L'héritage Mattei contesté : les héritiers s'opposent à la récupération politique du "Plan Afrique" de Meloni
Une mise en demeure officielle, déposée le 27 mars dernier à la présidence du Conseil italien, vient jeter une ombre sur l'un des piliers symboliques de la diplomatie énergétique du gouvernement Meloni. Pietro Mattei, l'un des héritiers du fondateur de l'ENI, Enrico Mattei, somme la Première ministre de cesser d'utiliser le nom de son oncle pour désigner son « Plan pour l'Afrique ». Cette démarche juridique, qualifiée de diffamation par l'héritage, accuse l'exécutif d'instrumentaliser une figure historique à des fins de propagande, en totale contradiction, selon la famille, avec l'éthique et la vision du défunt entrepreneur d'État.
Le contexte italien révèle ici une fracture profonde entre la mémoire et la politique. Enrico Mattei, disparu dans un crash aérien non élucidé en 1962, reste une figure mythique, ayant bâti l'ENI en défiant le cartel des « Sept Sœurs » pétrolières. Sa stratégie, fondée sur des partenariats plus équitables avec les pays producteurs, notamment en Afrique du Nord, lui valut autant d'admiration que d'ennemis puissants. Aujourd'hui, ses héritiers estiment que le « Plan Mattei » de l'exécutif de droite, axé sur la sécurisation des approvisionnements et le contrôle des flux migratoires via des investissements énergétiques en Afrique, trahit cet esprit de coopération horizontale et dénature son héritage immatériel.
Du point de vue des capitales africaines, particulièrement dans l'espace francophone, cette querelle italienne résonne avec les débats persistants sur le néocolonialisme économique. La vision originale de Mattei, qui proposait aux pays producteurs une part majoritaire dans les bénéfices et le développement de leurs industries, contraste avec les modèles d'extraction plus classiques. Les observateurs à Bamako, Alger ou Dakar suivent donc ce différend comme un indicateur des véritables intentions européennes : s'agit-il de renouer avec un partenariat d'exception ou de simplement rhabiller une logique d'extraction sous un nom prestigieux ? Cette polémique ravive les méfiances historiques.
L'analyse européenne, quant à elle, souligne l'embarras stratégique que cette affaire provoque. Alors que l'Union cherche à diversifier ses sources d'énergie après la guerre en Ukraine, le modèle « Mattei » est souvent cité comme une inspiration pour une approche gagnant-gagnant avec le Sud. La contestation des héritiers prive le gouvernement italien d'un puissant levier de légitimité symbolique et expose les contradictions d'une politique qui, sous couvert de partenariat, reste perçue comme essentiellement sécuritaire et intéressée. La menace d'actions judiciaires civiles et pénales ajoute une dimension pratique à ce conflit mémoriel.

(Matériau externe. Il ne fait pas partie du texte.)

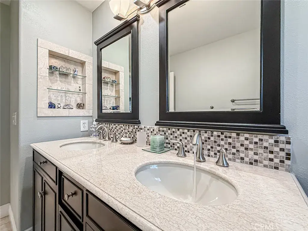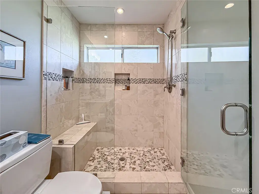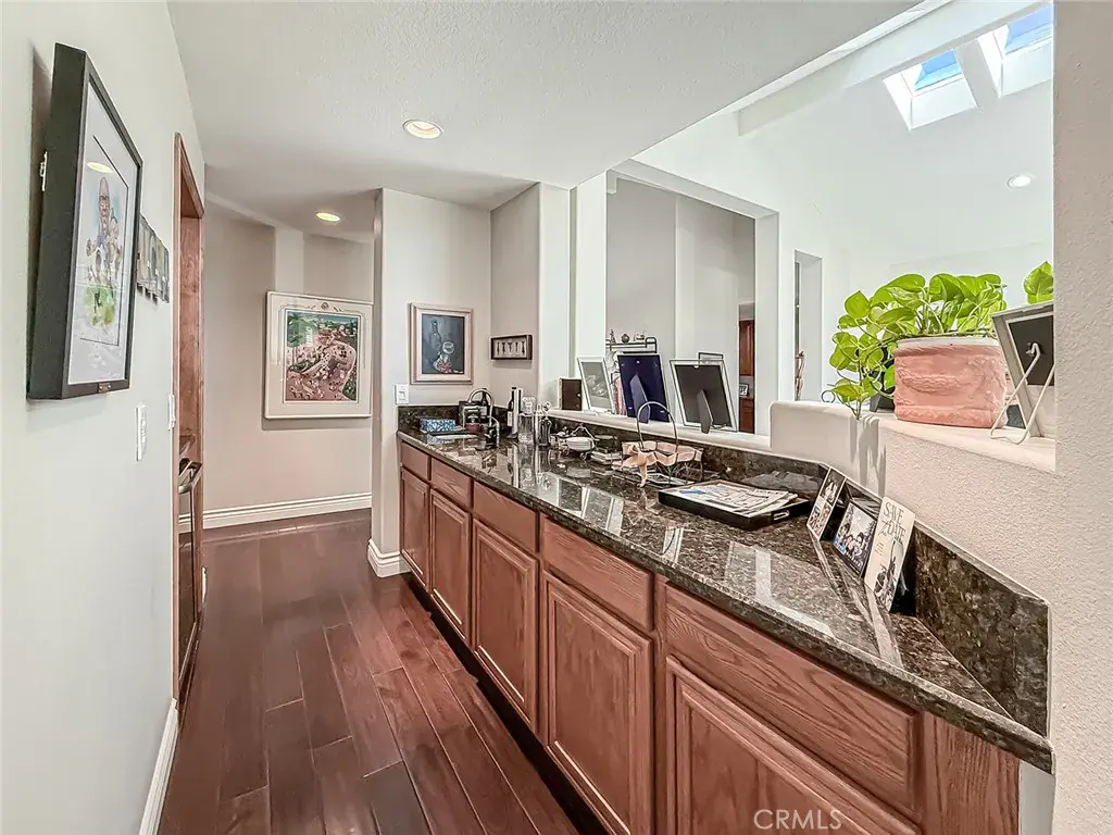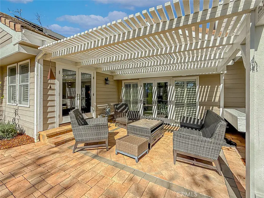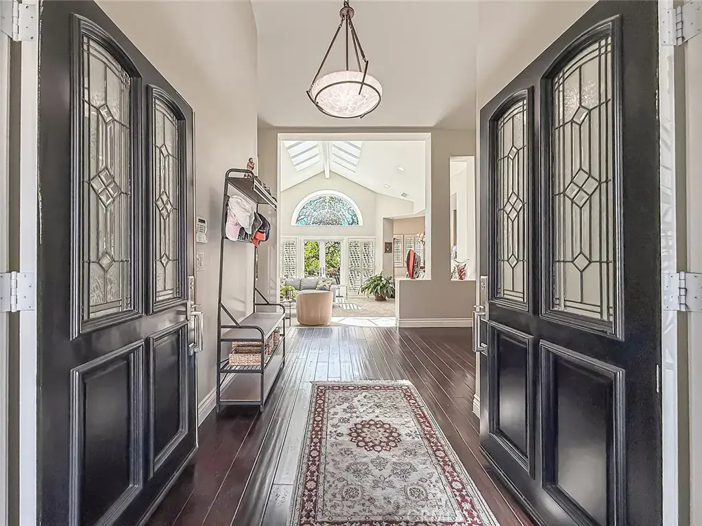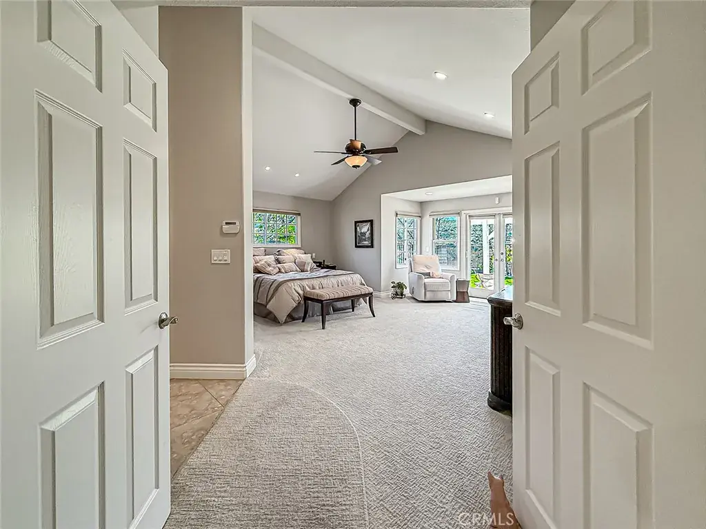 This gorgeous, highly sought after, ranch home embodies what Thousand Oaks living is all about. Upon entering, the peaceful backdrop of tree lined rolling hills greets you immediately. There is no escaping the beauty of nature from any room in this home. The many updated windows in every living area provide endless views of mature trees and greenery. The high ceilings allow for tons of natural light and add to the feeling of being transported into the countryside. With over 3200 sq ft, this single-story home offers four bedrooms and 4 bathrooms. The layout is ideal with the primary located on one side of the home and the other three rooms on the other. One bedroom is currently being used as an office with solid built-in desks providing functionality. Designed with a seamless flow for daily living, the floorplan offers a renovated kitchen with an eating area that opens to the family room and directly to the outdoor area which is professionally landscaped and equipped with tasteful pavers, a built-in BBQ, and covered patios. There is also a formal dining room, living room, and bar area, which all overlook the outdoor scenery and lend the home to effortless entertaining. The primary bedroom is a true escape designed with detail in mind. The large room has a picture window view of the backyard, the closet has been enlarged and custom fitted for optimal storage and function, and the jetted tub and double sink with a vanity built in offer spa-like luxury. The large laundry room leads to the 3-car garage. One bay has been remodeled with added storage and a large tool bench. On the other side of the home, you will find three other bedrooms. One of those secondary bedrooms has a large en-suite bath which could be a great option for guests, in-laws, or children. This home offers all renovated bathrooms, ample cabinets throughout the home, custom shutters, leased solar that keeps electrical bills very low, a security system in place, surround sound in the family room, wiring for an EV charger, and 3 Ring cameras. The real star of the show is the yard and the views from it. Perched on the hill, the view goes on for miles, nature is all around you, and you cannot miss the sheer calm that this home provides. The HOA includes a basketball/sport court, a tennis court and walking trails. You do not want to miss it!!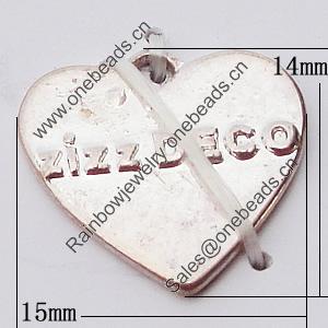 Pendant, Zinc Alloy Jewelry Findings, Lead-free, Heart 15x16mm, Sold by Bag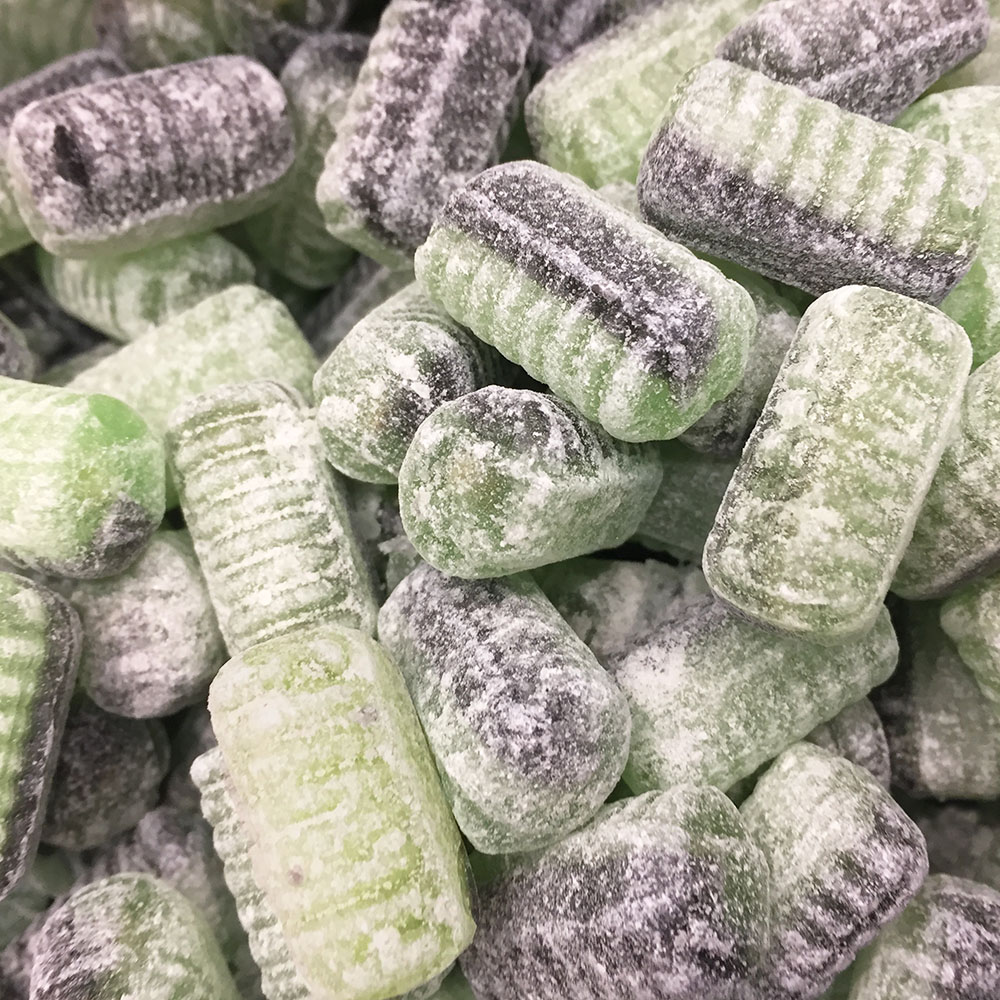 Sokeri, glukoosisiirappi, salmiakki, happamuudensäätöaine (omenahappo), aromit, lakritsijauhe, värit (E153, E100, E131).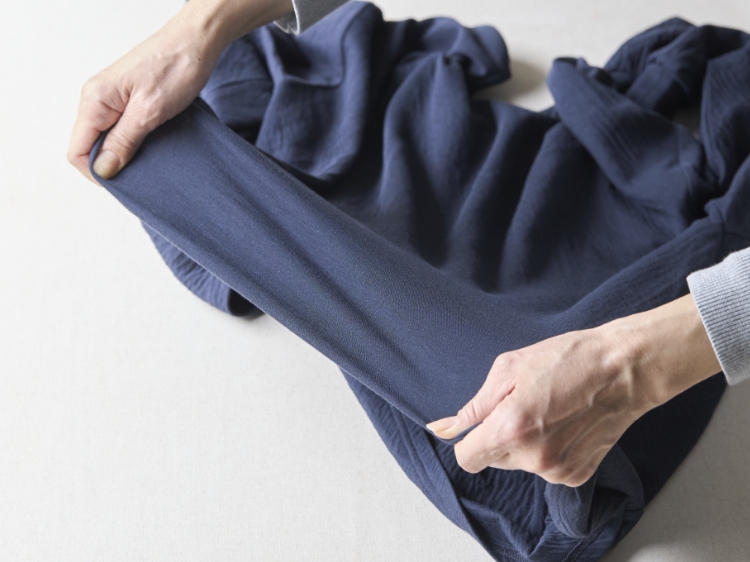また、驚いたのは、洗うたびに硬くなるどころか、さらにふっくらと育っていくこと。多重ガーゼ特有の「ポコポコ」とした空気の層が生まれ、肌にあたる面が減ることで、ベタつくこともありません。薄手の生地にありがちな「肌への張り付き」とは無縁で、常にサラリとした快適さがあります。

Pour l'avenir, cette crise onomastique oblige Rome à une clarification. Soit le gouvernement assume une rupture avec l'héritage philosophique de Mattei, au risque de froisser ses partenaires africains les plus exigeants, soit il revoit la substance de son plan pour s'en rapprocher, ce qui impliquerait des concessions économiques majeures. Dans les deux cas, l'épisode démontre que les symboles, dans la géopolitique des ressources, ne sont pas neutres. Ils portent une exigence éthique qui, lorsqu'elle est bafouée, peut se retourner contre ceux qui tentent de les instrumentaliser. La crédibilité du projet européen en Afrique se joue aussi dans cette fidélité à la parole donnée, fût-elle celle d'un fantôme.